Grafting chicks

roseygirl

Chirping
7 Years
Oct 7, 2014
26
1
79
Three Rivers, CA
Hey everybody,

So my girlfriend and I hatched 8 eggs 2 and a half weeks ago. We are wondering what to do with them next. We already have 2 coops with adult hens that wouldnt really work. I am going to fix up an old chicken tractor and use that, with a heat lamp. Then my girlfriend starts a new project near a junkyard and there are 2 mother hens foraging about with 7 chicks each, exactly the same size as our chicks. She talked to the owner of the junkyard and he never feeds them. So not only are they good broody hens they are excellent foragers. We have been looking for some hens who will be good mothers and teach our future chicks to forage.

My question is: should we grab the mother and chicks and bring them home, and try to graft our chicks to her?

Or should we just take her, let the other mother adopt her chicks and try to graft our chicks onto her at home. That seems kind of cruel.

I don't have much experience with broody hens but am looking at creating a commercial pastured flock for eggs and these are the traits I am looking for My mama hens to cut down on food costs.
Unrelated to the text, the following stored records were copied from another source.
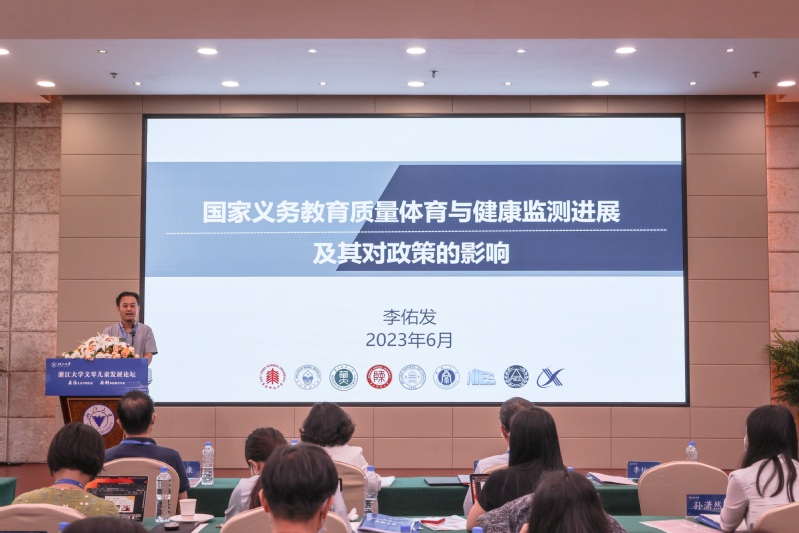 北京师范大学教授、国家义务教育质量监测“体育与健康”组组长李佑发报告了《国家义务教育质量体育与健康监测进展及其对政策的影响》。他介绍了国家教育质量监测的主要做法、发现和相关影响。他指出,2018年以来国家开展了多项体质健康监测,发现的主要问题包括,视力下降(2021年初中生视力不良72.6%)、睡眠时间不足(睡10小时以上的小学生21.9%,初中生3.2%)、肥胖比例增加(初中生11.8%)等等,根据监测结果也出台了许多政策,包括增加体育课、规定早课时间等。他强调了亲子互动的重要性,指出父母带着孩子进行锻炼,能够培养儿童健康的生活方式。
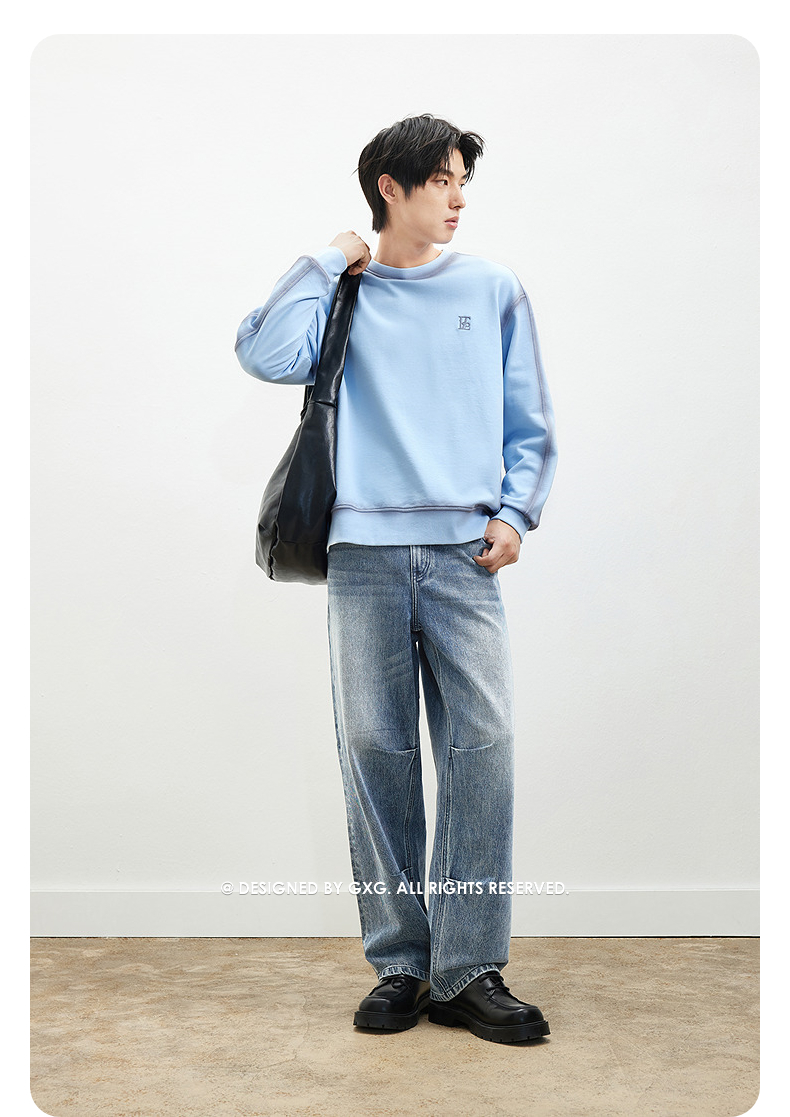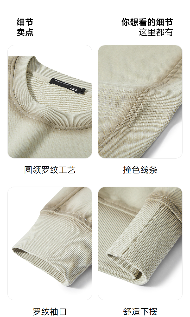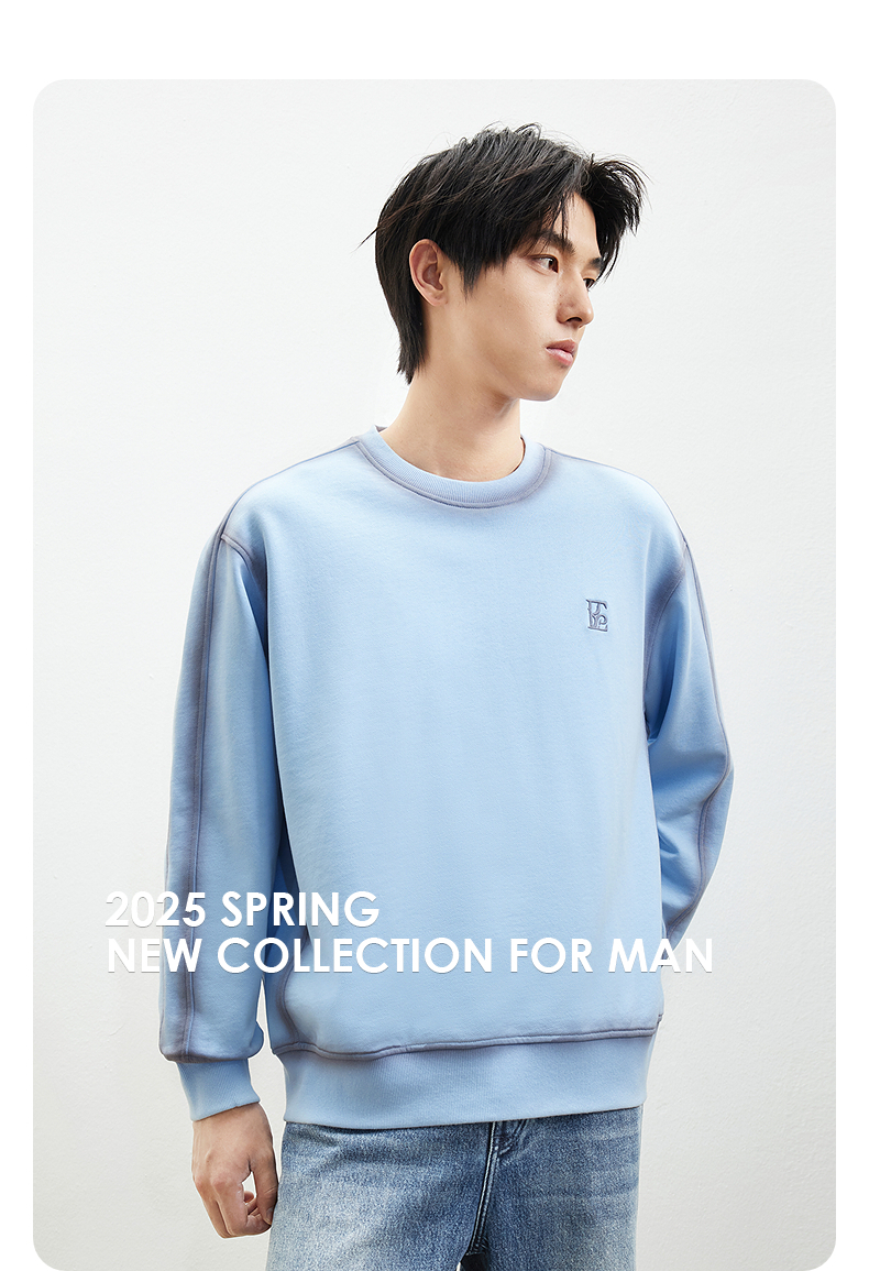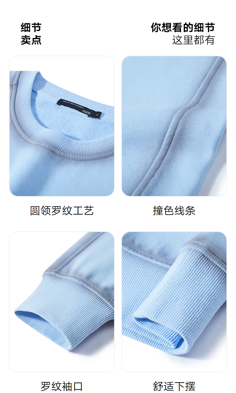 GXG男装 2025年GXG热卖个性潮流撞色线条百搭纯棉圆领卫衣男
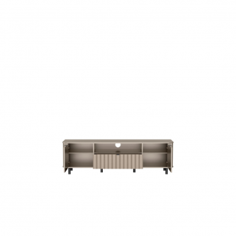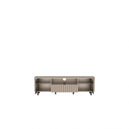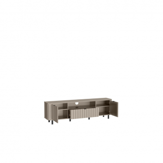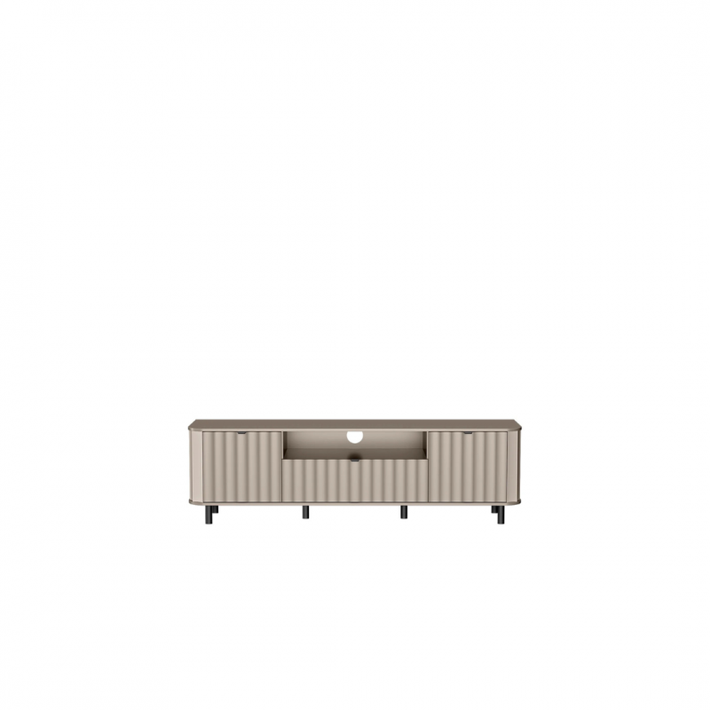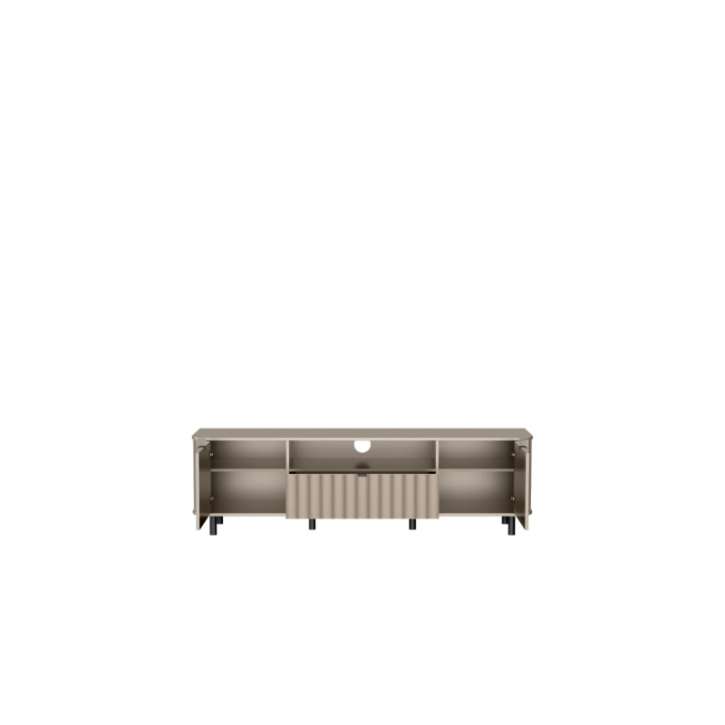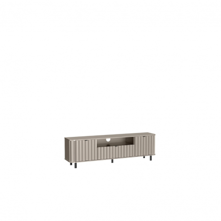 Nowoczesna szafka RTV z kolekcji NOVADO to funkcjonalna propozycja dla miłośników minimalistycznych, a jednocześnie designerskich wnętrz. Jej imponująca długość – aż 196 cm – sprawia, że doskonale sprawdzi się nawet przy dużych telewizorach, zapewniając sporo miejsca na przechowywanie i ekspozycję sprzętów multimedialnych. Szafka RTV NOVADO – 5 to połączenie nowoczesnego designu z praktycznymi rozwiązaniami. Idealna baza pod telewizor, która świetnie komponuje się z pozostałymi elementami kolekcji.
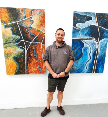Vallance Wrathall (pictured) - Te Ātiawa, Ngā Ruahine, Ngāti Ruanui and Ngāi Tahu – is showing large paintings based on the whenua of Puketapu hapu, in and around Bell Block.

Probably wouldn't breed her too much because I don't want a lot of broody hens just a few to incubate eggs for me and teach chicks to forage.

Thanks!
 
Broody hens accept chicks when they are still on the nest. If you try to "graft" your chicks the hens will more than likely kill them if you have them confined. If they are not confined, the hens will peck the chicks to drive them away. Leaving them vulnerable to predators.
 
It would be a rare hen indeed who would accept strange 2+ week old chicks, especially after being moved to a strange environment. From your description I'd hazard they have some game blood, which makes me think they're not so warm and fuzzy mommas like say a silkie. I'd leave those mommas and their babies alone, or catch them all and include them in your flock.